Problem to solve
When you copy from the entries that follow, take only the lines from the one with "Greeting banner with" down to the one with "JVM 버전 1.8.0_181은이", keeping both ends and dropping every picture.

─── Records shown ───

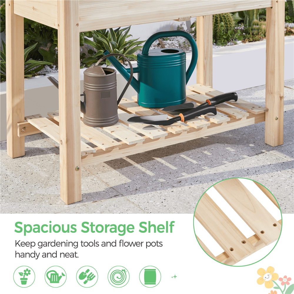 Alden Design 2 Tiers Wooden Raised Garden Bed Elevated Planter Box : Material: Solid wood and metal hardware Overall Size: 86 x 46 x 76 cm/34 x 18 x 30” (L x W x H) Inner Size: 77 x 37.5 x 20.5 cm/30.3 x 15 x 8” (L x W x Depth) G.W.: 10.4 kg/23 lb N.W.: 9.6 kg/21.2 lb Max. Load Bearing: 100 kg/220.5 lb Load Bearing of the Shelf: 30 kg/66.1 lb Note: It is advised that the maximum height of earth is 15 cm/6″. Please do not exceed 15 cm/6″ to avoid overload after watering. Please allow 1-2 cm (0.4-0.8″) error due to manual measurement. Assembly Required Color: Natural
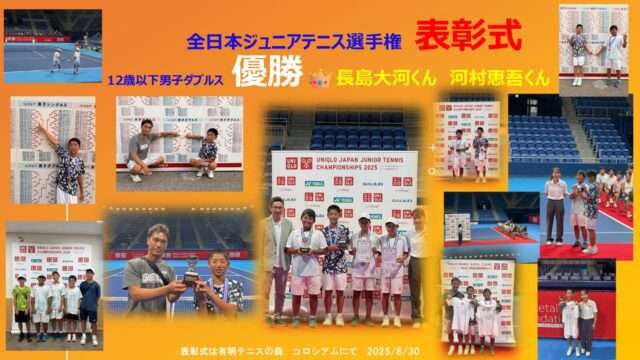 全日本ジュニアテニス選手権 12歳以下男子ダブルス 祝優勝・・表彰式の模様
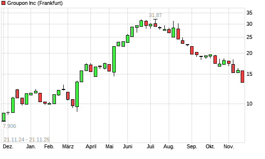Mit dem Rücksetzer auf 13,84 EUR hat die Groupon-Aktie (ISIN US3994732069) am 20.11.2025 ein neues 6-Monats-Tief erreicht und damit den Kurs vom 19.11.2025 eingestellt.
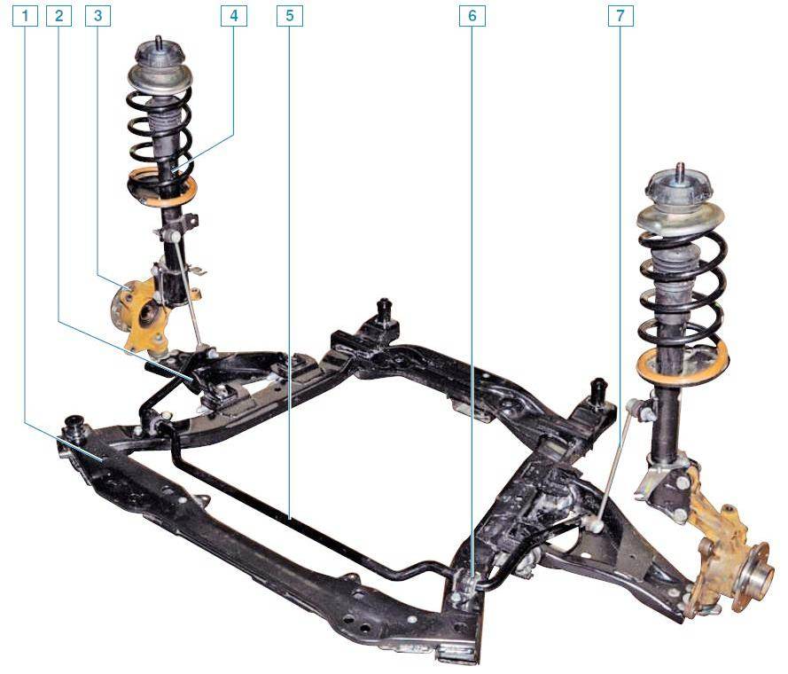 Передняя подвеска: 1 – подрамник; 2 – рычаг подвески с сайлент-блоками и шаровой опорой; 3 – поворотный кулак со ступицей и подшипником; 4 – амортизаторная стойка; 5 – штанга стабилизатора поперечной устойчивости; 6 – подушка стабилизатора поперечной устойчивости; 7 – стойка стабилизатора поперечной устойчивости
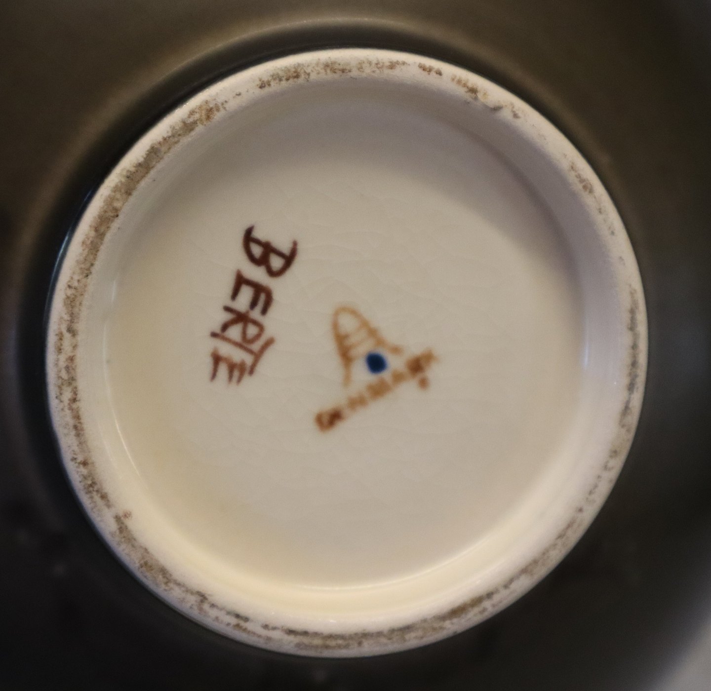 Berte Unika skål 10.2 x 19.8 cm 1947 Berte Jessen Royal Copenhagen Aluminia fajance I fin og hel stand
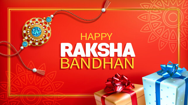 Greeting banner with rakhi (bracelet), and gifts for Raksha Bandhan (Bond of protection and care) – Indian festival of sisters and brothers. Vector illustration.
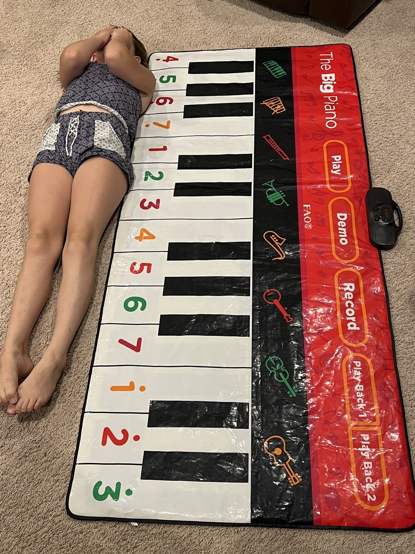31”x69” foldable, walk on piano for the next baby Mozart! Very good condition- no tips or tears. Batteries still work so this is ready to JAM! Excellent Christmas or Birthday gift
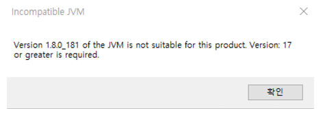 JVM 버전 1.8.0_181은이 제품에 적합하지 않습니다. 버전 : 17 이상이 필요합니다.
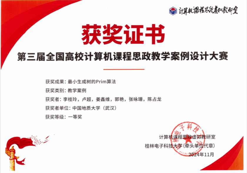在学院党委的大力支持下,多位教师携其精心设计的教学案例参赛。其中,邱芹军等老师提交的“地质知识图谱的构建及推理应用”、李桂玲等老师提交的“最小生成树的Prim算法”获得一等奖,徐永洋等老师提交的“BP神经网络模型原理与实现”获得二等奖。以上荣誉的获得不仅展示了我校计算机科学与技术领域的教学水平,更体现了我校在人工智能赋能思政教育融入课程教学方面的显著成效。
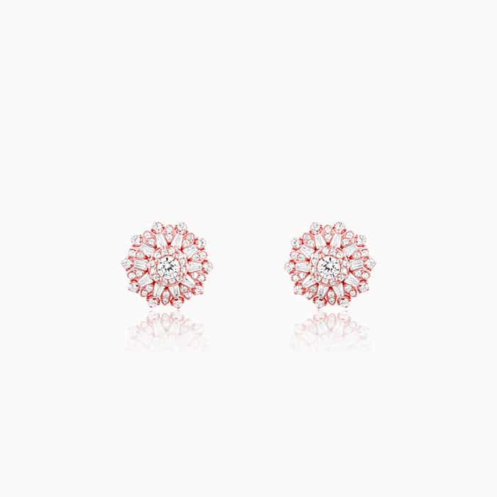 The Inspiration: We have a flower which will never wither and make you look graceful every time you wear it. The Design: These rose gold earrings feature a flower motif studded with zircons. 925 Silver with Rose Gold Plating Perfect for sensitive skin Earring Size: Height – 1.3 cm, Width – 1.3 cm Comes with the Nikrish Jewellery kit and authenticity certificate Content: Earrings Net Qty- 1 pair Styling Tip: Style these with a mini dress.
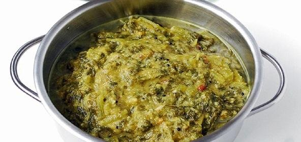 - Pressure cook moong along with the leaves, turmeric, sambar powder and salt.
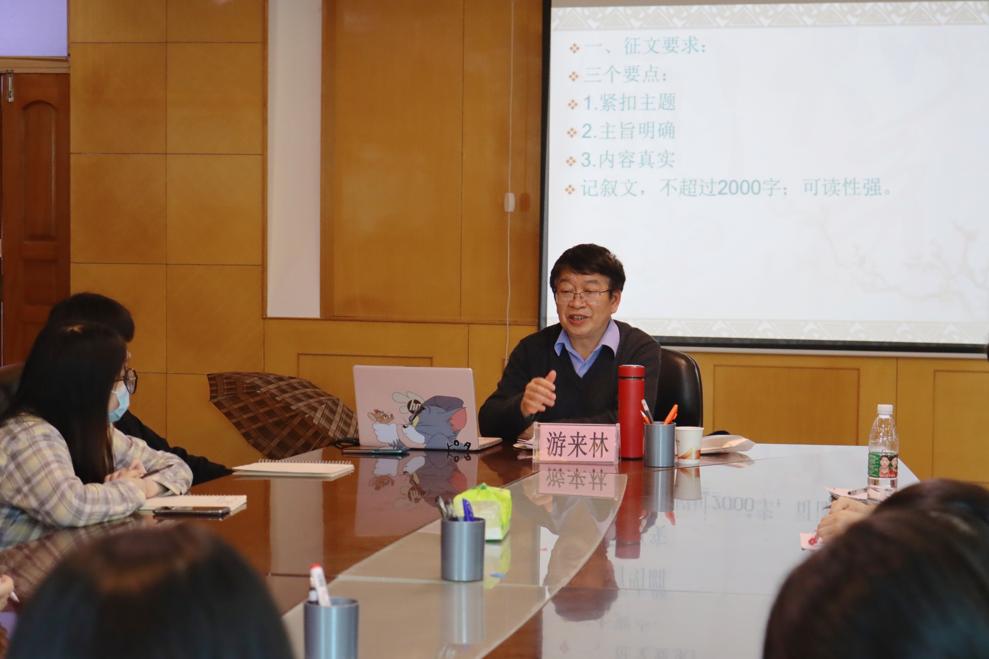 (yl23411 王寅春 报道|摄影 张清馨)为深入学习贯彻习近平新时代中国特色社会主义思想,进一步增强同学们对“读懂中国”活动的意义,学习“五老”先进代表的事迹,4月12日下午,yl23411在鹿冲关校区行政楼314会议室举办“读懂中国”活动征文辅导会,校关工委副主任游来林教授主讲。
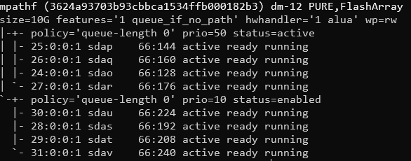Since the volume size was 10GB, lets look for this in the output. In this case it is mpathf

───

Solution for this exercise
 Greeting banner with rakhi (bracelet), and gifts for Raksha Bandhan (Bond of protection and care) – Indian festival of sisters and brothers. Vector illustration.
31”x69” foldable, walk on piano for the next baby Mozart! Very good condition- no tips or tears. Batteries still work so this is ready to JAM! Excellent Christmas or Birthday gift
 JVM 버전 1.8.0_181은이 제품에 적합하지 않습니다. 버전 : 17 이상이 필요합니다.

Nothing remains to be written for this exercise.